Posted: February 7th, 2005, 7:22 pm
by RedAlert
Given a 1-factor Hull-White interest rate model, what is the best way to estimate the mean reversion parameter that should be used?Presently I am calibrating to ATM Swaptions down the reverse diagonal of the swaption vol grid and so generating a piecewise constant Hull-White Vol curve. I'm unsure of the best way to determine the mean reversion and would be grateful for any suggestions,thanks,fred.

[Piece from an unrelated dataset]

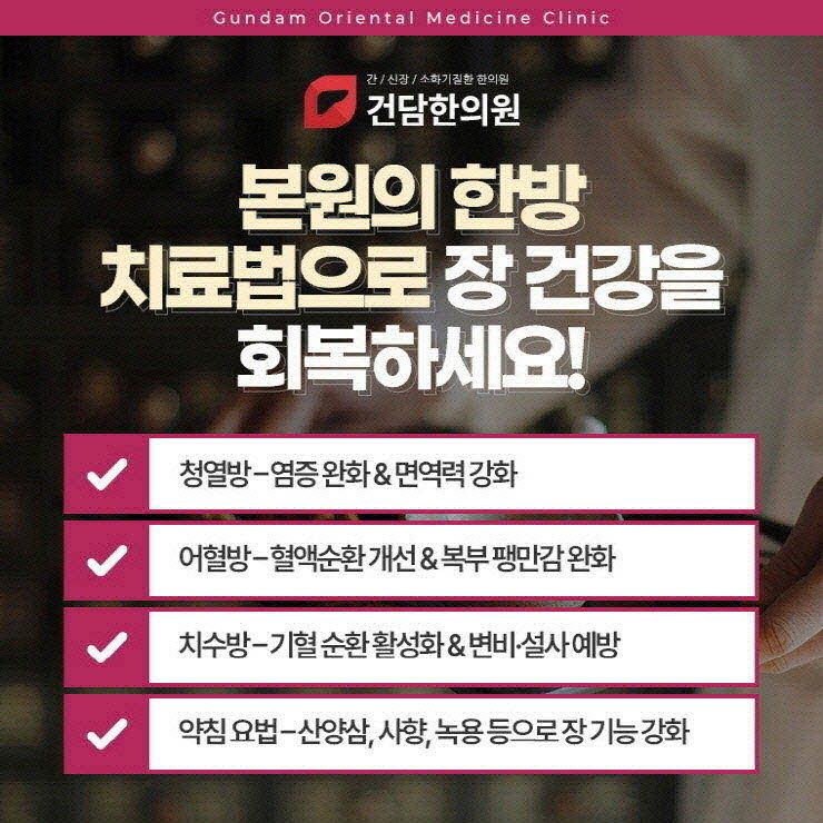 개별적인 한약 처방: 체질과 증상을 종합적으로 파악하고 기운의 흐름을 원활하게 하며 장 기능 회복을 돕는 한약을 사용합니다.

Calculating Mean Reversion for 1-Factor Hull-White

Posted: February 7th, 2005, 8:24 pm
by piterbarg
it depends on the product you are trying to price-V

Calculating Mean Reversion for 1-Factor Hull-White

Posted: February 8th, 2005, 3:57 am
by Hamish
1) Calib to ITT swaption like you did;2) Calib to caplets;3) Calib to the blend of above two.and that's it

Calculating Mean Reversion for 1-Factor Hull-White

Posted: February 8th, 2005, 7:13 am
by dicesare
I assume you are pricing bermuda swaption, thus the mean-reversion allows you to control correlations (aka auto-correlation) between short rate (or underlying swap rates) at different dates. Thus there are two ways to proceed :1) As suggested by Pat, you could manage a matrix of mean-reversion with respect to the 1st exercise of the bermuda and the tenor of the longest underlying swap.2) Second, you could tune the mean-rev to fit the auto-correlation of a multi-factor model.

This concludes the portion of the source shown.